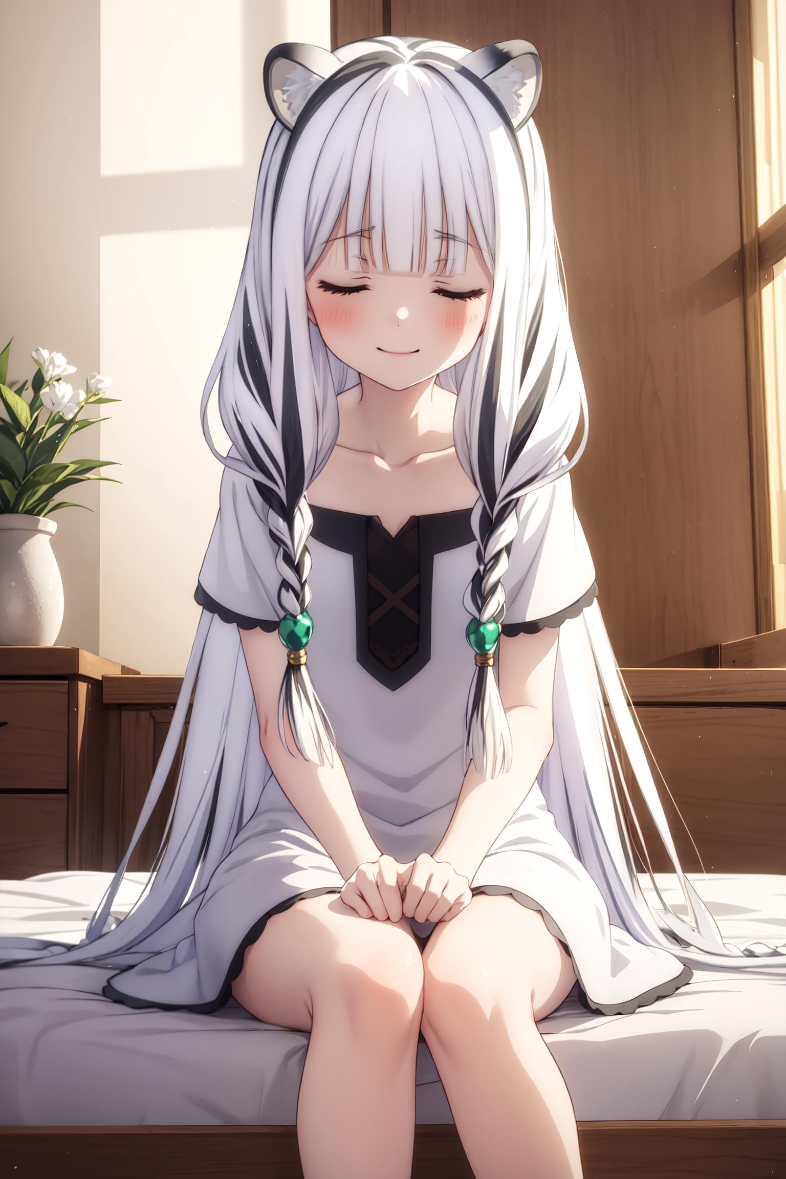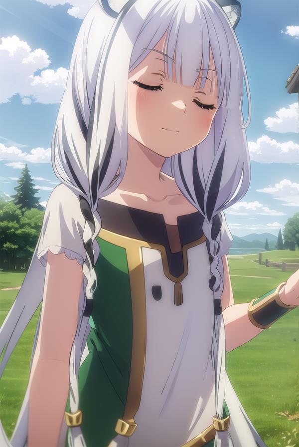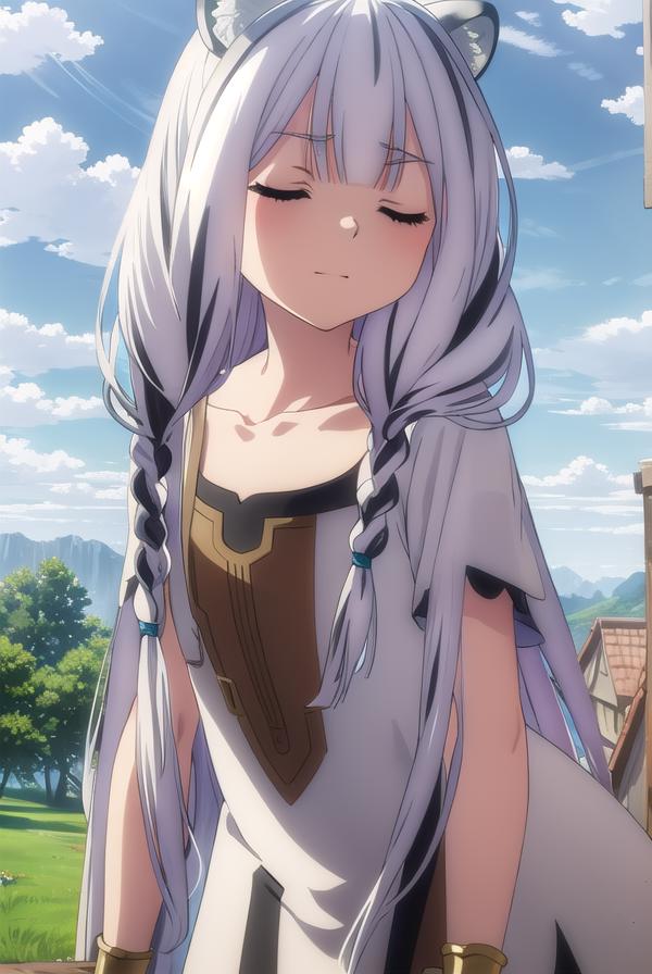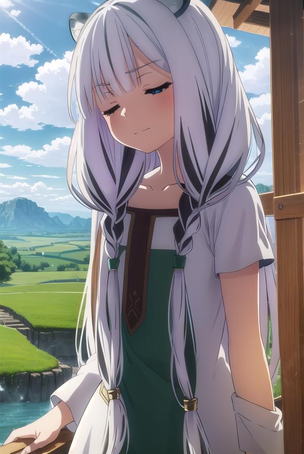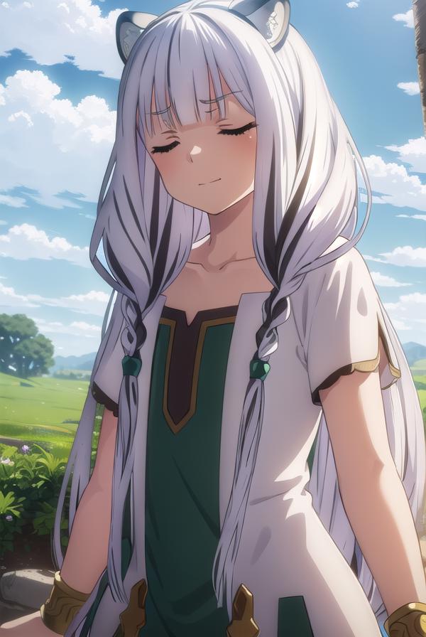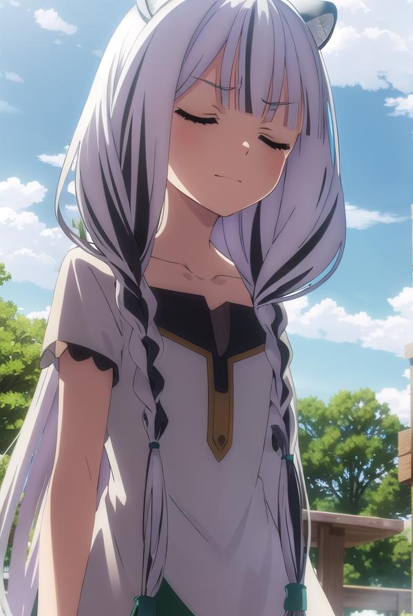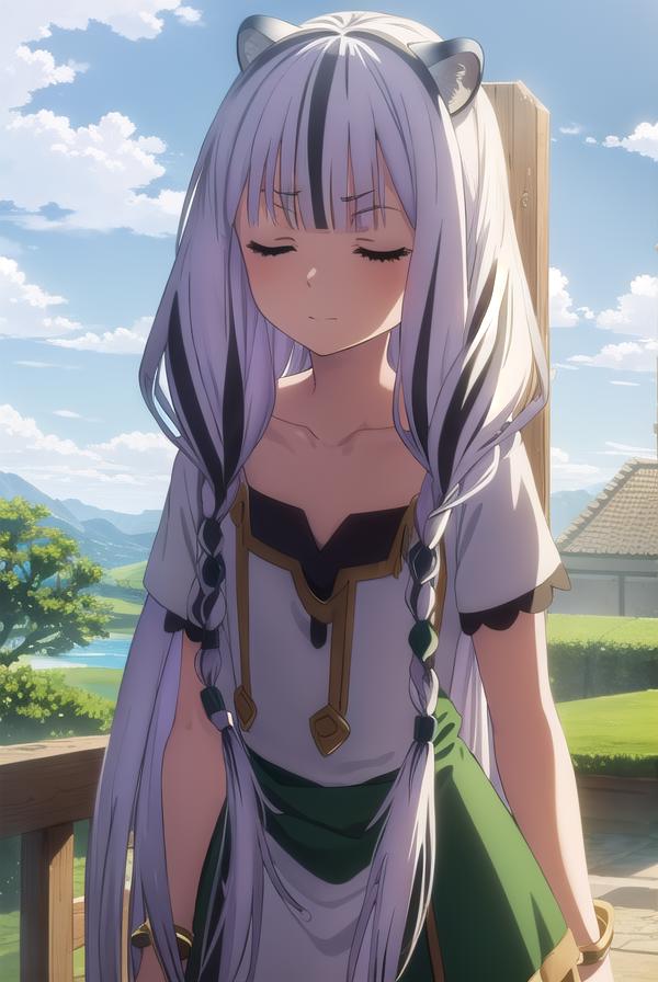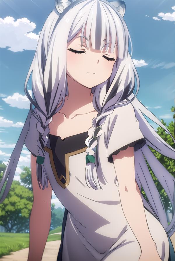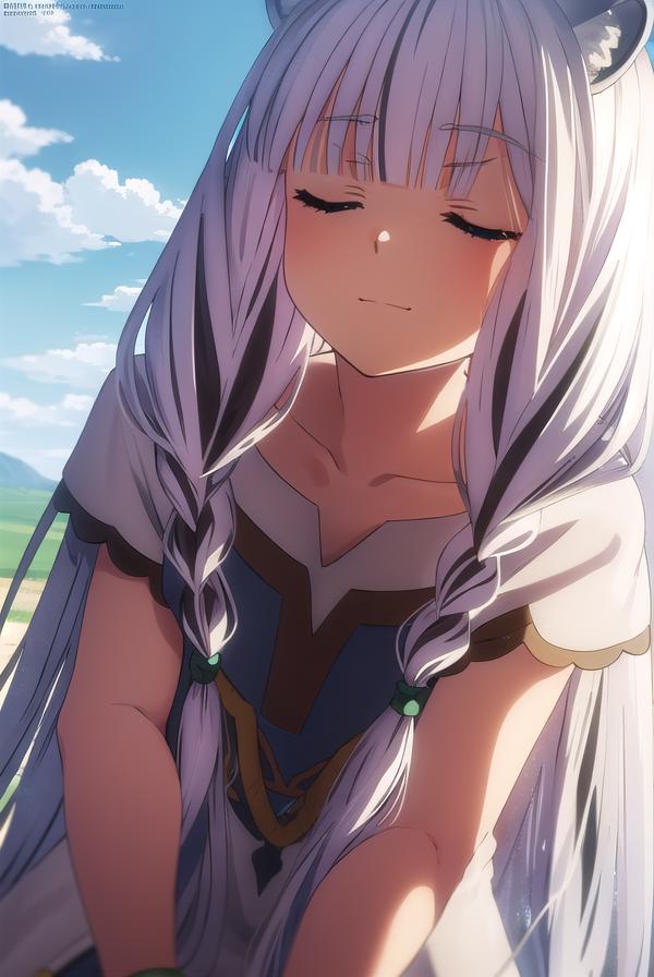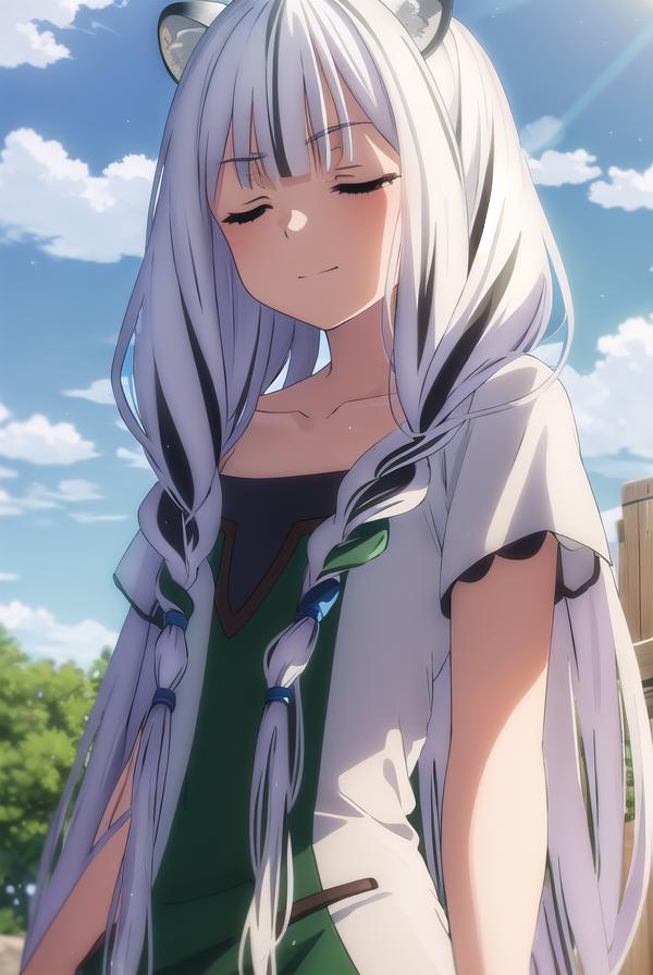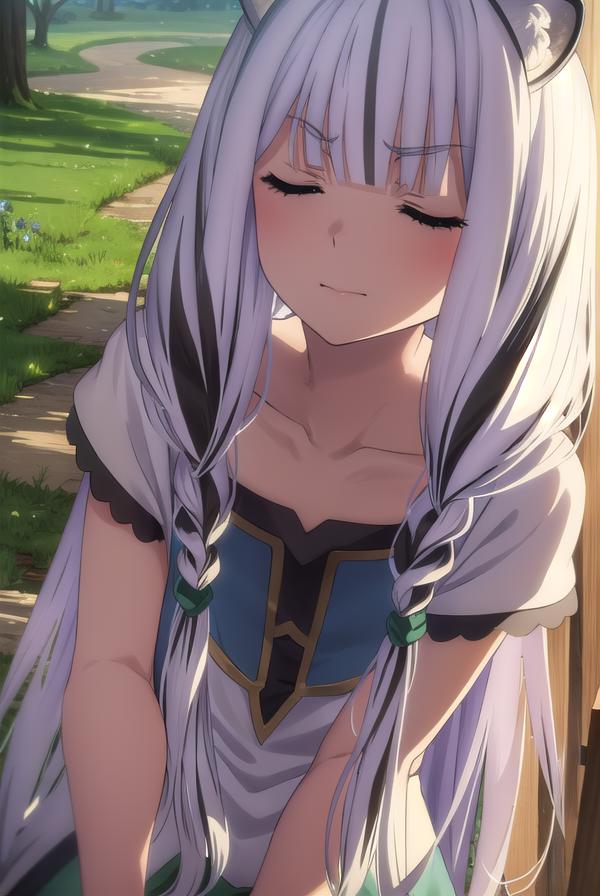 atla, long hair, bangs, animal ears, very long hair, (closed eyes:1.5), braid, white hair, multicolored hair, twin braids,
* * *
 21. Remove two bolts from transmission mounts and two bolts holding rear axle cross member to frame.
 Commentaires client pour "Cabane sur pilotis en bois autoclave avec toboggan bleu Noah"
* * *
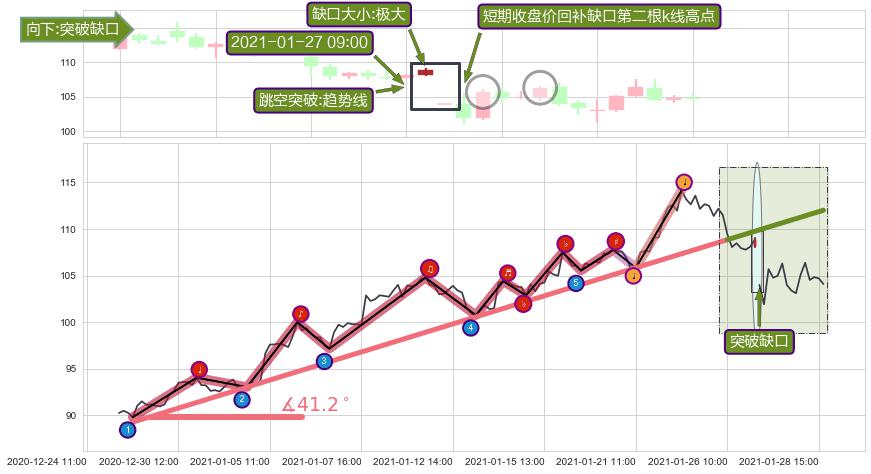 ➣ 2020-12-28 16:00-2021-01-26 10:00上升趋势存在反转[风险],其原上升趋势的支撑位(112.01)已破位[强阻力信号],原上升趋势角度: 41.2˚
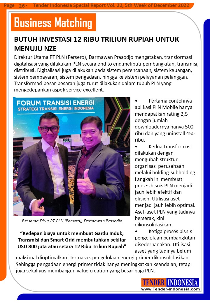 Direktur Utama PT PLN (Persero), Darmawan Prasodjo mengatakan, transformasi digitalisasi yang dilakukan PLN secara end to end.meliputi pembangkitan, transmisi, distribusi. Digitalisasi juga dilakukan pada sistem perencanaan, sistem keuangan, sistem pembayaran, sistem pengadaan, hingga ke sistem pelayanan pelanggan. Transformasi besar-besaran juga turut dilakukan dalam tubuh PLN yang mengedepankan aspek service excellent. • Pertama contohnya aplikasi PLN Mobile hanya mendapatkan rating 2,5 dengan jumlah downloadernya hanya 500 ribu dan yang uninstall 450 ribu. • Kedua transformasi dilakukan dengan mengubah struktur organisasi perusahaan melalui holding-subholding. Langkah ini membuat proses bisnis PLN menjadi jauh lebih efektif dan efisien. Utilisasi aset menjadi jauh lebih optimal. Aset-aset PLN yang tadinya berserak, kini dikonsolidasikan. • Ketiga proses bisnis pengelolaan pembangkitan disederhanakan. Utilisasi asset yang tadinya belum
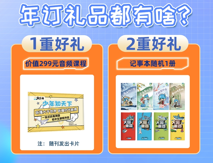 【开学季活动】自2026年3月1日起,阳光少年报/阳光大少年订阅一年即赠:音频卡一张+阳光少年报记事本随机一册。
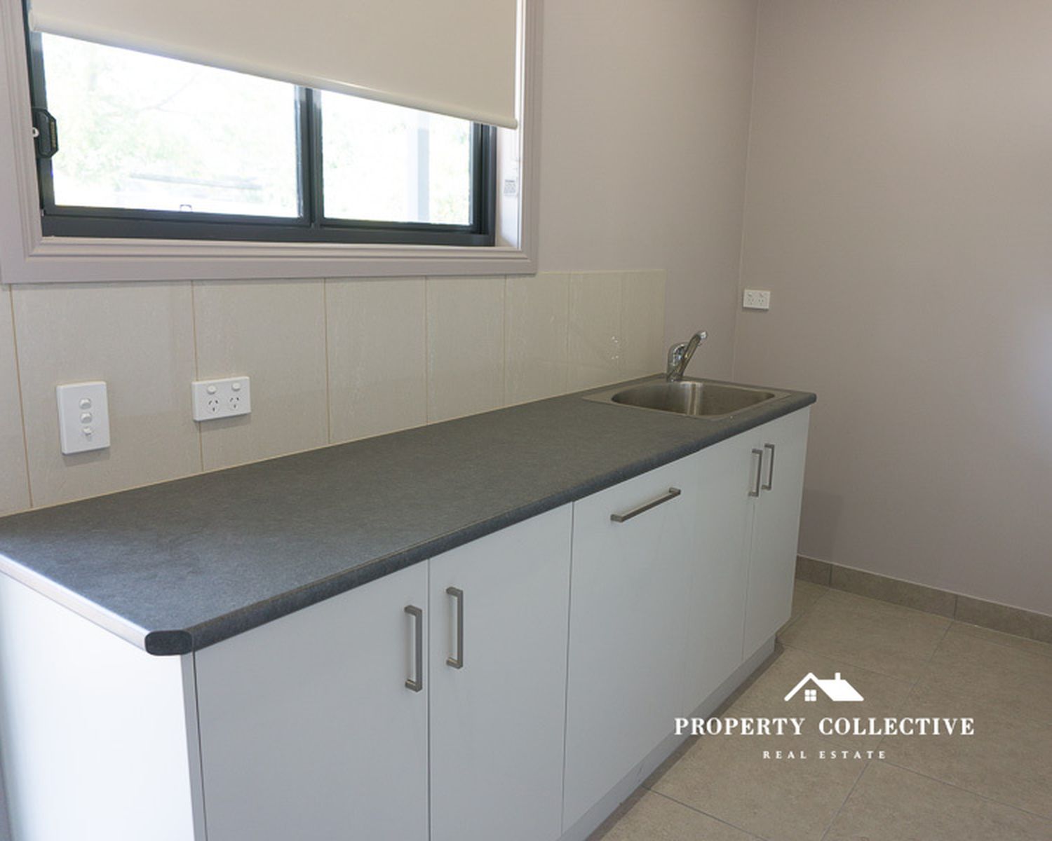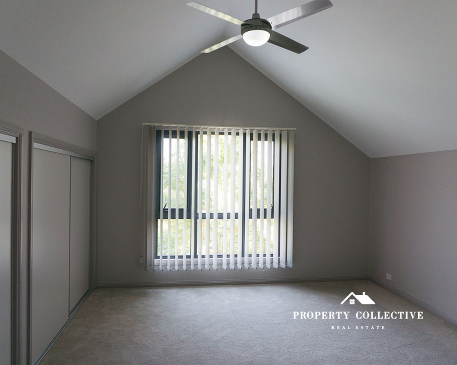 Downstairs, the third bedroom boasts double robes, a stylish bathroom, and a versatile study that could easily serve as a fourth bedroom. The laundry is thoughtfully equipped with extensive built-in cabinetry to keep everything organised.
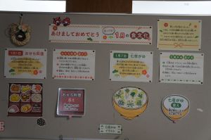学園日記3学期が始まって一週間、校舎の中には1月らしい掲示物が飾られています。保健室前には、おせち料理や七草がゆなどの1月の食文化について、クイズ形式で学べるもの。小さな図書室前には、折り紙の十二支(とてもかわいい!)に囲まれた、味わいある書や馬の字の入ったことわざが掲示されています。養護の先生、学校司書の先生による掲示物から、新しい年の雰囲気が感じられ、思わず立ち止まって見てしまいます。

Task directions:
Although the records above contain pictures, the copy should not; retype exactly the lines from the one containing "Downstairs, the third" through the one containing "学園日記3学期が始まって一週".

Your response:
 Downstairs, the third bedroom boasts double robes, a stylish bathroom, and a versatile study that could easily serve as a fourth bedroom. The laundry is thoughtfully equipped with extensive built-in cabinetry to keep everything organised.
学園日記3学期が始まって一週間、校舎の中には1月らしい掲示物が飾られています。保健室前には、おせち料理や七草がゆなどの1月の食文化について、クイズ形式で学べるもの。小さな図書室前には、折り紙の十二支(とてもかわいい!)に囲まれた、味わいある書や馬の字の入ったことわざが掲示されています。養護の先生、学校司書の先生による掲示物から、新しい年の雰囲気が感じられ、思わず立ち止まって見てしまいます。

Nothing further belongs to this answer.